**What is required:** Whenever a picture appears, leave it out while repeating all the other data exactly.

Data items
===============
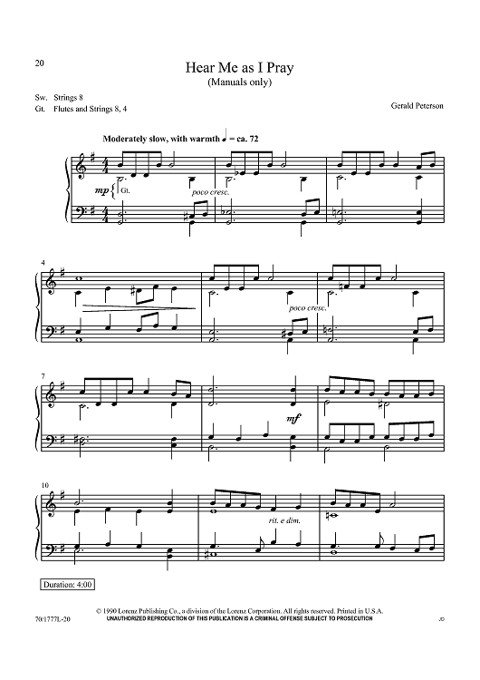 Digital Sheet Music for Hear Me as I Pray by Gerald Peterson scored for Organ Solo; id:437678
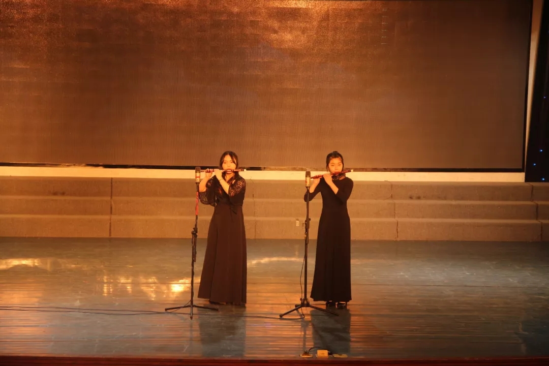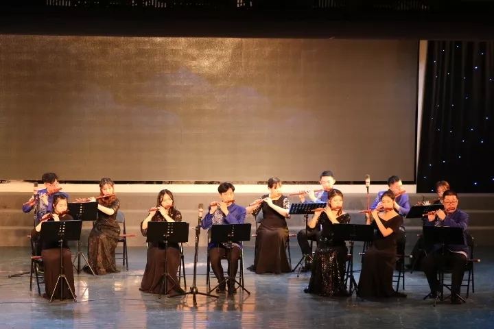 《望乡》 一曲以沁人心扉的笛声为主音,给听众留下更加丰满的情感渲染。常听词曲,可解乡愁。《红高粱叙事曲》由四人演奏,分为两个声部。九儿的一生如书页一般,随乐章的前进在眼前一页页翻过,那诉不尽的爱恨情仇,道不尽的酸甜苦辣全在笛声之中。此曲由石磊副教授于2015年创作,风靡至今。《洗衣歌》作于1964年。在一次藏历新年拉萨人民拥军活动中,民众为部队拆洗衣被,作者从这动人的场面中得到了创作的启示,谱成了这首深受军民喜爱的《洗衣歌》。该曲汲取了昌都民歌、巴塘民歌《江作林令》等藏族民间音乐的音调,曲调起伏跌宕,浓郁清新,充满了欢乐与激情。在此次演出中由竹笛四部和声演绎。《桃园借水》一曲用6个声部演绎得有声有色,加上皮影剧团的两位老先生的精彩演绎。笛子与碗碗腔两种乐器在这一曲中相互交融。由李镇老师作曲的《鄂尔多斯的春天》继承草原原有的艺术特色,色彩绚丽,曲调灵活富于变化且曲式结构工整,常用不规则的节拍,整体结合较为紧密。为我们勾勒出的是一副草原人民载歌载舞的轻快场景。《灞桥》一曲在石磊副教授的演绎下将当时人民的生活环境,生活态度的场面体现出来,历史的滚滚车轮曾从这里一一碾过:秦穆公称霸一方,刘邦、项羽楚汉之争这些历史故事也将永存。《瑶族舞曲》这一曲丰富、生动的展现了瑶族民众欢歌热舞的喜庆场面。乐曲用优美的旋律,表现了能歌善舞的瑶族人民的生活情貌。《渭水秋歌》这一曲在王辉老师的演奏下变得抒情委婉。这一曲以陕西音调为素材创作而成,在独特的舟式演绎下有着不一样的韵味和感悟,感染了在场所有人。
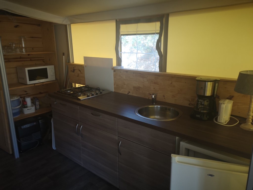 Coco Sweet Is een kleine Mobil Home van 11m2 overdekt met tent- doek , een ronde vorm met het uiterlijk van een lodge tent.Geisoleerde stevige wanden , de ingang een met sleutel afsluitbare deur.Dit model Duo is geschikt voor 2 personen, met een 2 pers. Bed 1,40 x 190 , koelkast ,waterkoker , induktie kookplaatje, magnetron , koffiezet apparaat , eet en keukengerei. 2 zitjes . Een houten voorterras met luifel en een tuinset en 2 ligstoelen om heerlijk ontpannen te genieten van het buitenleven. Sanitair is in het nabijgelegen sanitair gebouw.De WIFI is niet inbegrepen in de huurprijs.
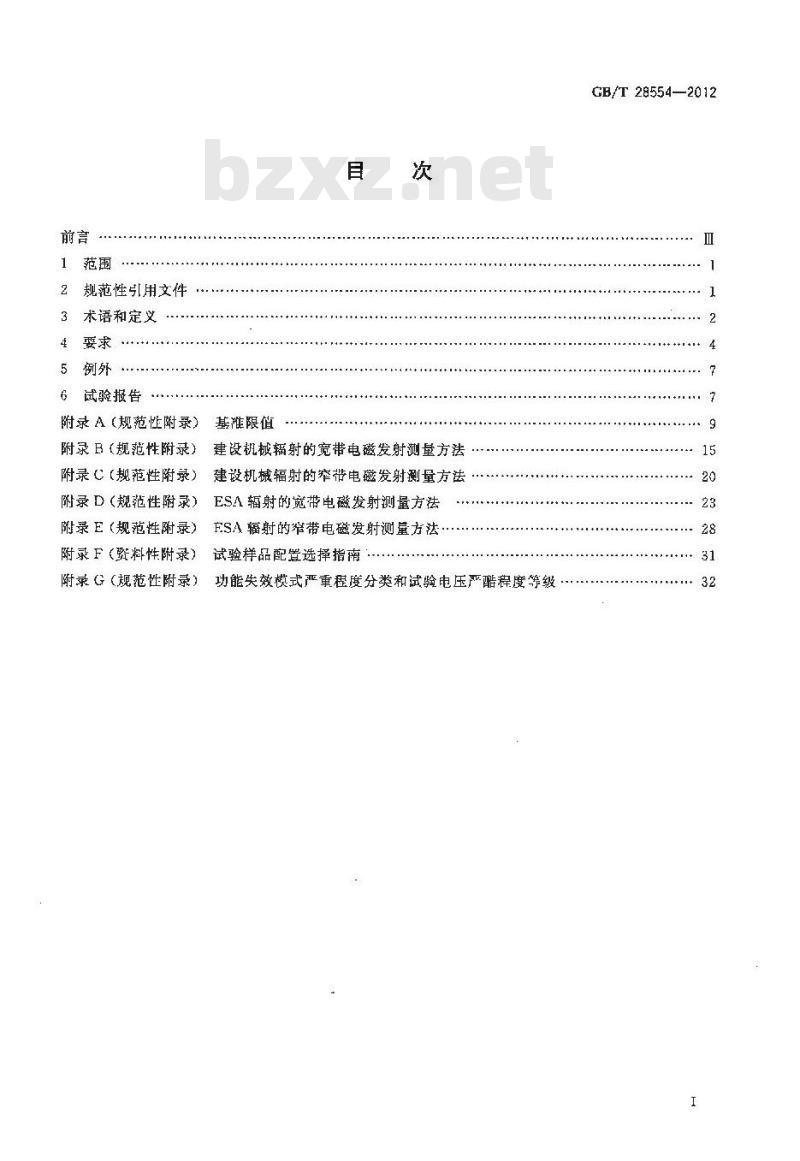 依据4.2.2,宽带电磁发射等级。依据4,3.2,牵带电磁发射等级:依据4.1.2建设机械任何缺失的功能控制的标识,依据4.5.2,宽带电磁干扰等级。GB/T28554—2012
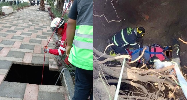 En una serie de imágenes compartidas por el director general del Heroico Cuerpo de Bomberos, Juan Manuel Pérez Cova, se observa cómo la mujer se encuentra en el fondo del socavón, del que se desconocen sus dimensiones, en medio de raíces de árboles, mientras es colocada por los elementos de emergencia en una camilla.
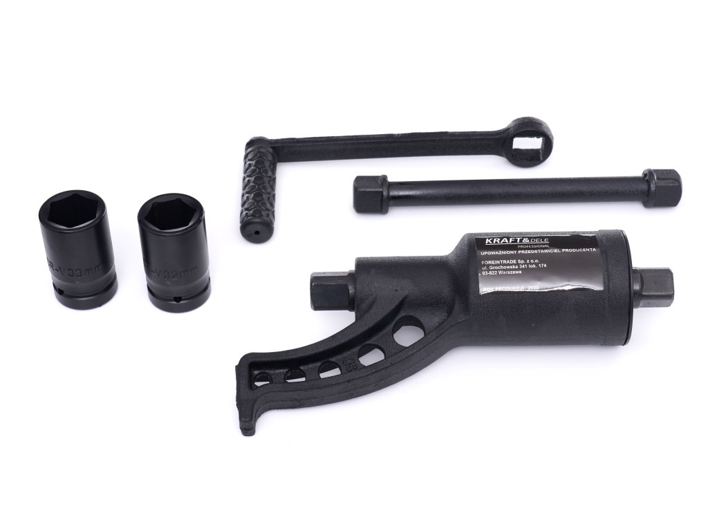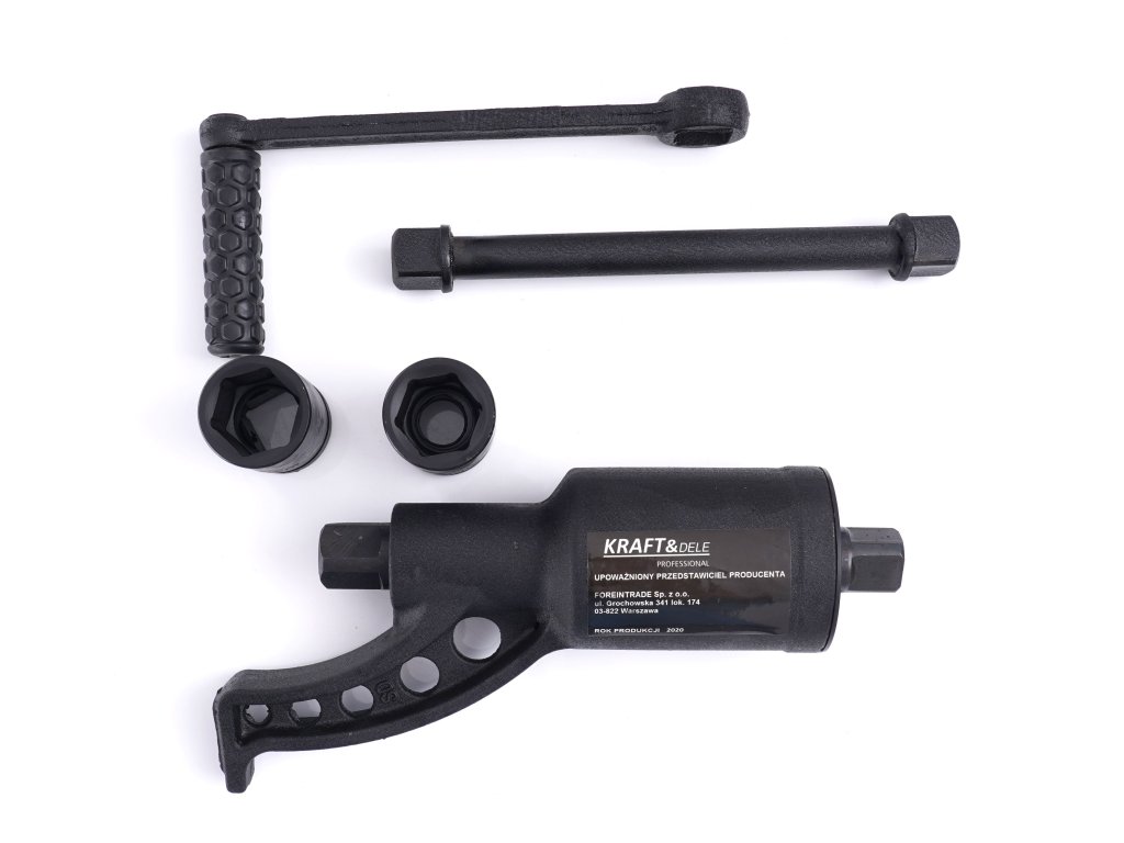 Tento plne profesionálny a spoľahlivý nástroj je nevyhnutný tam, kde sú skrutky extrémne zaťažené. Otočenie, ktoré doteraz vyžadovalo neprenosné vzduchové kľúče alebo neohrabané predlženia, je s týmto kľúčom vďaka jeho kompaktným rozmerom a jednoduchej manipulácii oveľa efektívnejšie. Stáva sa neoceniteľnou výbavou pre všetky nákladné automobily, TIR-y a rôzne druhy poľnohospodárskych alebo stavebných strojov. Vďaka premyslenej konštrukcii kľúča je možné tento kľúč prakticky prispôsobiť všetkým bežne používaným kolesám týchto vozidiel a mnohým ďalším.
===============
**Your response:**
 Digital Sheet Music for Hear Me as I Pray by Gerald Peterson scored for Organ Solo; id:437678
 《望乡》 一曲以沁人心扉的笛声为主音,给听众留下更加丰满的情感渲染。常听词曲,可解乡愁。《红高粱叙事曲》由四人演奏,分为两个声部。九儿的一生如书页一般,随乐章的前进在眼前一页页翻过,那诉不尽的爱恨情仇,道不尽的酸甜苦辣全在笛声之中。此曲由石磊副教授于2015年创作,风靡至今。《洗衣歌》作于1964年。在一次藏历新年拉萨人民拥军活动中,民众为部队拆洗衣被,作者从这动人的场面中得到了创作的启示,谱成了这首深受军民喜爱的《洗衣歌》。该曲汲取了昌都民歌、巴塘民歌《江作林令》等藏族民间音乐的音调,曲调起伏跌宕,浓郁清新,充满了欢乐与激情。在此次演出中由竹笛四部和声演绎。《桃园借水》一曲用6个声部演绎得有声有色,加上皮影剧团的两位老先生的精彩演绎。笛子与碗碗腔两种乐器在这一曲中相互交融。由李镇老师作曲的《鄂尔多斯的春天》继承草原原有的艺术特色,色彩绚丽,曲调灵活富于变化且曲式结构工整,常用不规则的节拍,整体结合较为紧密。为我们勾勒出的是一副草原人民载歌载舞的轻快场景。《灞桥》一曲在石磊副教授的演绎下将当时人民的生活环境,生活态度的场面体现出来,历史的滚滚车轮曾从这里一一碾过:秦穆公称霸一方,刘邦、项羽楚汉之争这些历史故事也将永存。《瑶族舞曲》这一曲丰富、生动的展现了瑶族民众欢歌热舞的喜庆场面。乐曲用优美的旋律,表现了能歌善舞的瑶族人民的生活情貌。《渭水秋歌》这一曲在王辉老师的演奏下变得抒情委婉。这一曲以陕西音调为素材创作而成,在独特的舟式演绎下有着不一样的韵味和感悟,感染了在场所有人。
 Coco Sweet Is een kleine Mobil Home van 11m2 overdekt met tent- doek , een ronde vorm met het uiterlijk van een lodge tent.Geisoleerde stevige wanden , de ingang een met sleutel afsluitbare deur.Dit model Duo is geschikt voor 2 personen, met een 2 pers. Bed 1,40 x 190 , koelkast ,waterkoker , induktie kookplaatje, magnetron , koffiezet apparaat , eet en keukengerei. 2 zitjes . Een houten voorterras met luifel en een tuinset en 2 ligstoelen om heerlijk ontpannen te genieten van het buitenleven. Sanitair is in het nabijgelegen sanitair gebouw.De WIFI is niet inbegrepen in de huurprijs.
 依据4.2.2,宽带电磁发射等级。依据4,3.2,牵带电磁发射等级:依据4.1.2建设机械任何缺失的功能控制的标识,依据4.5.2,宽带电磁干扰等级。GB/T28554—2012
 En una serie de imágenes compartidas por el director general del Heroico Cuerpo de Bomberos, Juan Manuel Pérez Cova, se observa cómo la mujer se encuentra en el fondo del socavón, del que se desconocen sus dimensiones, en medio de raíces de árboles, mientras es colocada por los elementos de emergencia en una camilla.
 Tento plne profesionálny a spoľahlivý nástroj je nevyhnutný tam, kde sú skrutky extrémne zaťažené. Otočenie, ktoré doteraz vyžadovalo neprenosné vzduchové kľúče alebo neohrabané predlženia, je s týmto kľúčom vďaka jeho kompaktným rozmerom a jednoduchej manipulácii oveľa efektívnejšie. Stáva sa neoceniteľnou výbavou pre všetky nákladné automobily, TIR-y a rôzne druhy poľnohospodárskych alebo stavebných strojov. Vďaka premyslenej konštrukcii kľúča je možné tento kľúč prakticky prispôsobiť všetkým bežne používaným kolesám týchto vozidiel a mnohým ďalším.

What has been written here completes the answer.